At a meeting on 27–28 October in London, regulators at the EMA worked to finalize draft recommendations for biosimilar versions of the biggest moneymakers of the biological world: highly specific antibodies called monoclonal antibodies. In 2009, monoclonal antibodies brought in US$36.4 billion in sales worldwide. "These are blockbusters," says Falk Ehmann, the scientific secretariat for the Working Party for Biosimilar Medicinal Products at the EMA. "They are the hot molecules." The prospect of copying them — and selling the copies on the lucrative US market — could finally animate European biosimilars efforts, says Schellekens. The guidelines will be presented to the EMA's Committee for Medicinal Products for Human Use next week and, if accepted, will then be posted for public comment.
The first biosimilar monoclonal antibody is likely to be a copy of the cancer drug rituximab.

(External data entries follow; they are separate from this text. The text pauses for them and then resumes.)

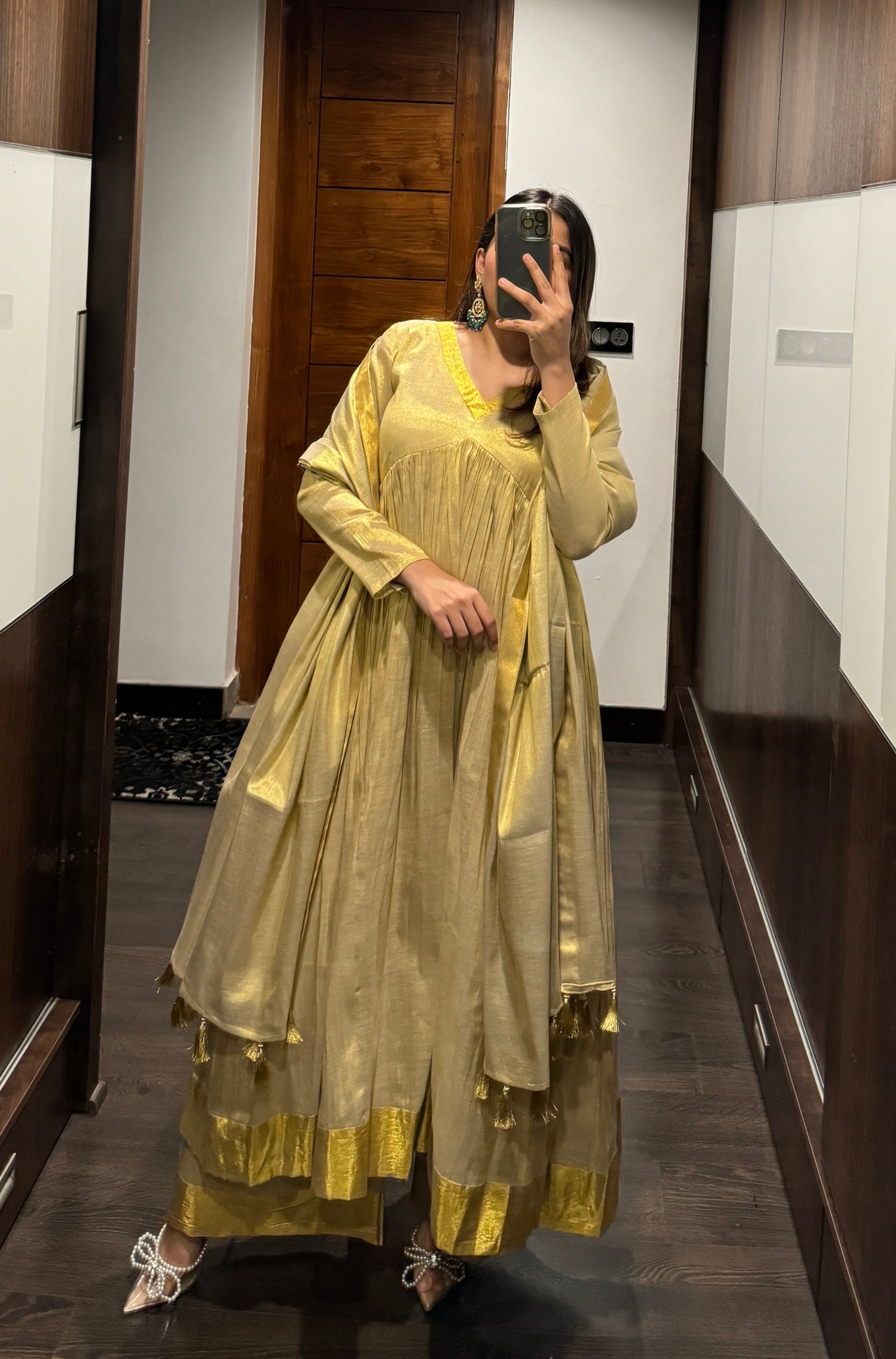 Elevate your wardrobe with our exquisite Dark Tissue Set, a stunning blend of tradition and elegance. This bestselling ensemble features a beautifully crafted matching dupatta, along with a perfectly tailored bottom, all made from the finest handloom fabric. The rich dark tissue brings a luxurious touch, making it an ideal choice for any special occasion or celebration.
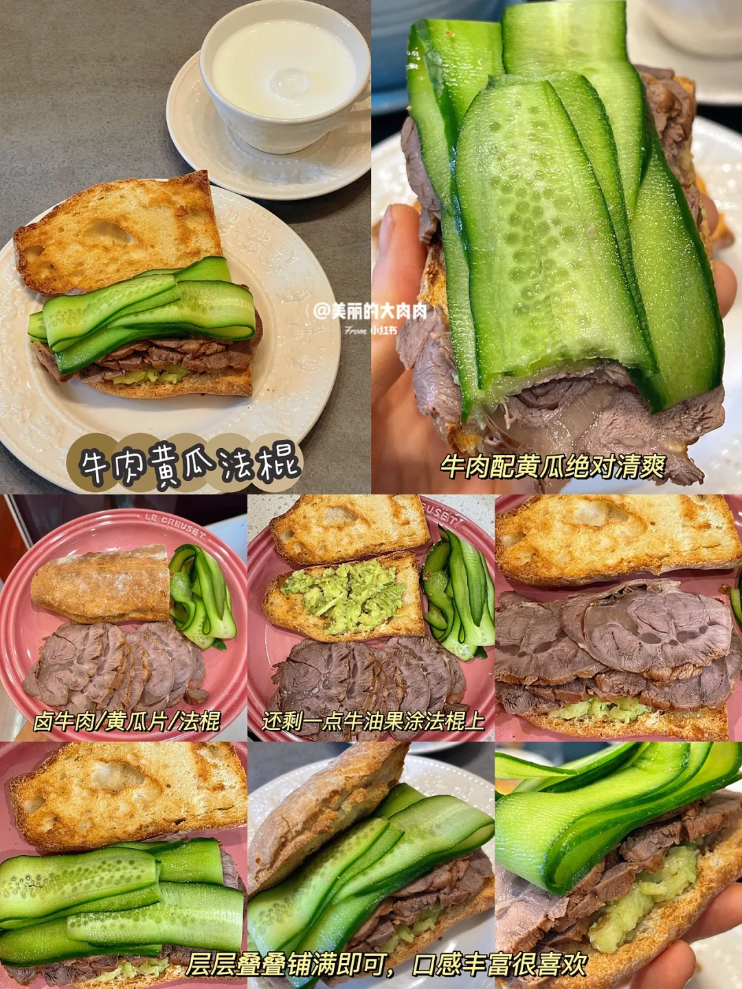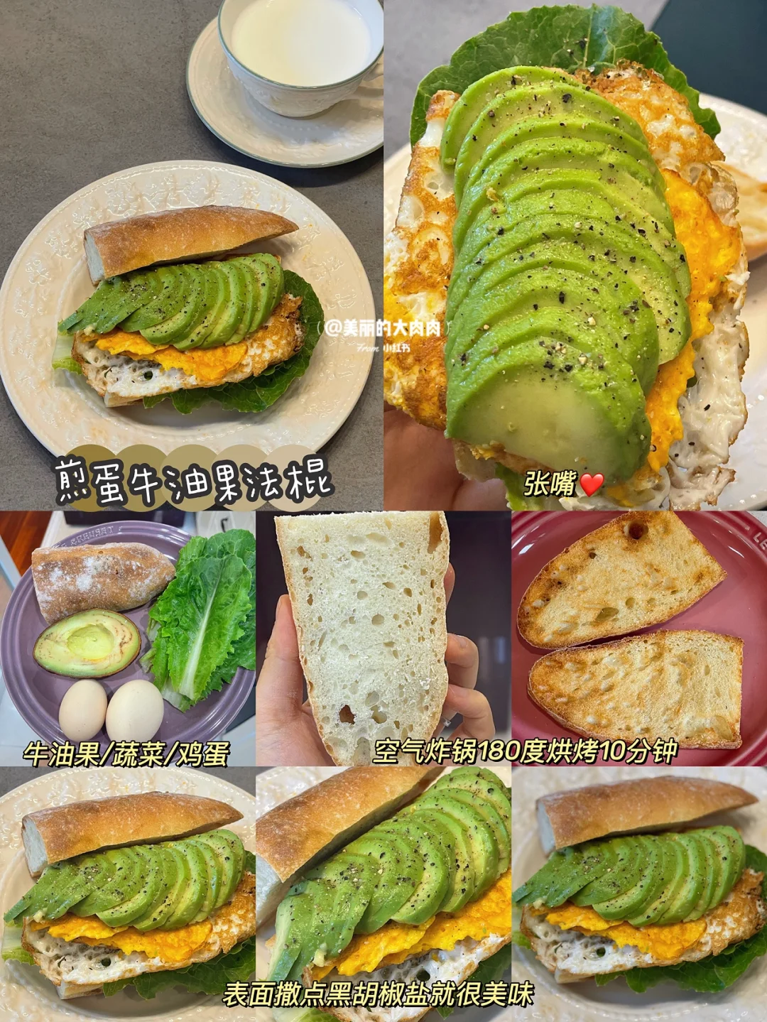 从此subway是路人! 身高:172cm 体重:65kg-53kg 体脂:28%-18% ———- 贝果吃腻了,我们来挑战一周法棍三明治不重样吧! 周末给自己安排了一波法棍🥖无糖无油配料炒干净 这周的早餐主食就被法棍承包了! ❤️为姐妹们推荐几款我的最爱 1⃣️牛油果鸡蛋酱法棍三明治 所需食材:牛油果🥑、鸡蛋🥚、法棍🥖、胡椒盐 做法:法棍空气炸锅180度10分钟烤焦脆、鸡蛋煮熟加牛油果搅散加黑胡椒盐搅匀涂抹在法棍上即可! 👉🏼推荐理由:法棍酥脆牛油果鸡蛋酱绵密,这复杂的口感太幸福了! 2⃣️金枪鱼泥法棍三明治 所需材料:水浸金枪鱼罐头🥫、酸黄瓜🥒、无糖酸奶、法棍🥖、胡椒盐 做法:金枪鱼捞出干的部分,把水捏掉,加所有食材混合涂抹在面包上即可 👉🏼推荐理由:subway我最爱的金枪鱼泥三明治,可惜热量着实有点高,自己用无糖酸奶代替就超美味!加点洋葱碎更香可是怕嘴巴臭就算啦! 3⃣️牛肉黄瓜三明治🥖 所需材料:卤牛肉、黄瓜片、法棍 做法:牛肉切薄片一层层盖法棍上即可 👉🏼推荐理由:自己做的卤牛肉配黄瓜,早餐或者晚餐吃都满足又安心!高蛋白高膳食纤维,这样的一餐太完美👏🏼 4⃣️牛油果煎蛋三明治🥖 材料:鸡蛋🥚、牛油果🥑、法棍 做法:鸡蛋煎熟➕牛油果片一层一层盖上去即可 👉🏼推荐理由:只是看着就很幸福,别说吃着有多满足了! 🌟法棍减脂期也是非常适合做主食的!自己做的不添加皇后糖等吃着更安心、饱腹感特别强不说口感也很酥脆!姐妹们都快去试试吧! 好好吃饭/好好运动/好好爱自己 ㊗️姐妹们早日和马甲线相遇
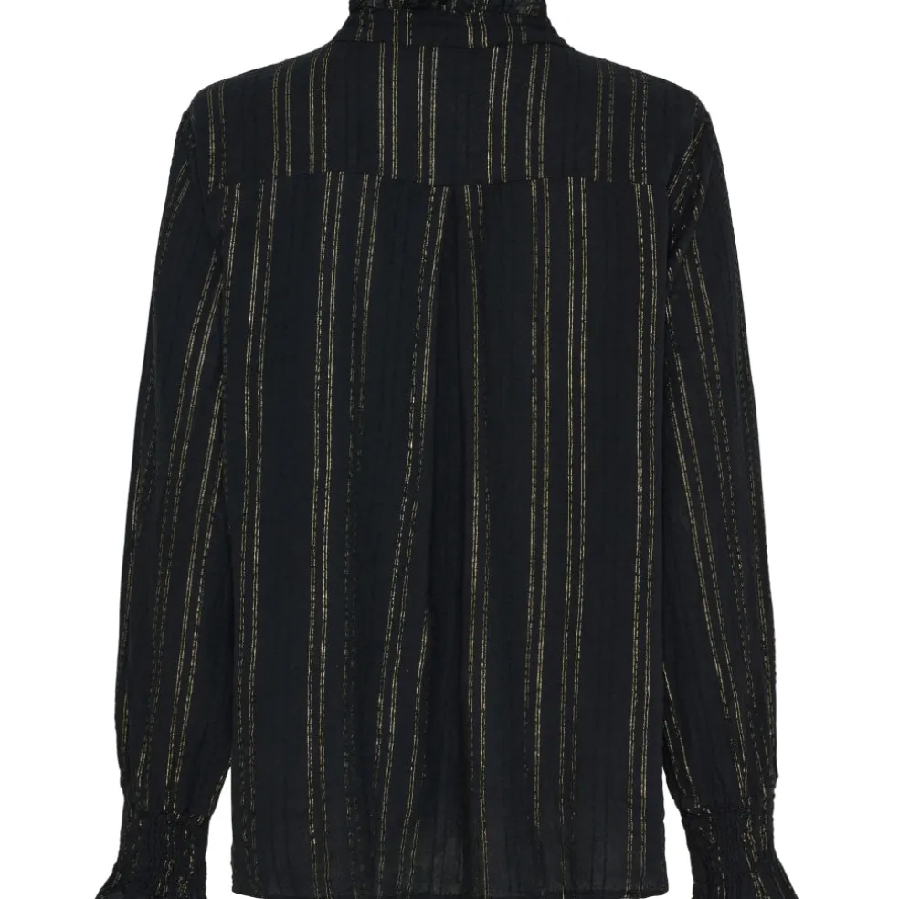 Smuk bluse med flæser, glimmer og elegante knapper. Blusen har en høj, feminin krave som tilfører et ekstra touch til dit outfit.

Initially developed by Biogen Idec in Cambridge, Massachusetts, rituximab is expected to be one of the first monoclonal antibody therapies to go off patent, which Malecki says it may do in Europe as early as 2013. It is also one of the best-sellers: in 2009 the drug earned about $5.61 billion worldwide (see ). In May, the Israeli generics maker Teva Pharmaceuticals announced that its biosimilar version of rituximab is ready for clinical trials, which are now expected to conclude in August 2011.
All biosimilars will probably require some clinical trials in the United States, says Mark McCamish, head of global biopharmaceutical development at Sandoz, a generics company based in Holzkirchen, Germany, but the FDA should expect a lively debate about how extensive those clinical trials must be.
On one side of this debate will be companies such as Denmark's Novo Nordisk, which derives at least 90% of its income from biologics and has no biosimilar programme. Jim Shehan, the company's general counsel for North America, urges stringent clinical trials that pit a biosimilar head-to-head with the product it aims to replace.
Meanwhile, McCamish and others with a vested interest in marketing biosimilars — Sandoz already sells three in Europe and is developing about a dozen more — will argue that the FDA should use the variation in the original drug as a guide. Biologics are so complex that minor manufacturing changes often change the properties of the drug.
"There's going to be a range of how much a biosimilar company would have to do," says McCamish. "If the biosimilar falls within the goalposts of the originator's own changes, then you should have very abbreviated clinical testing."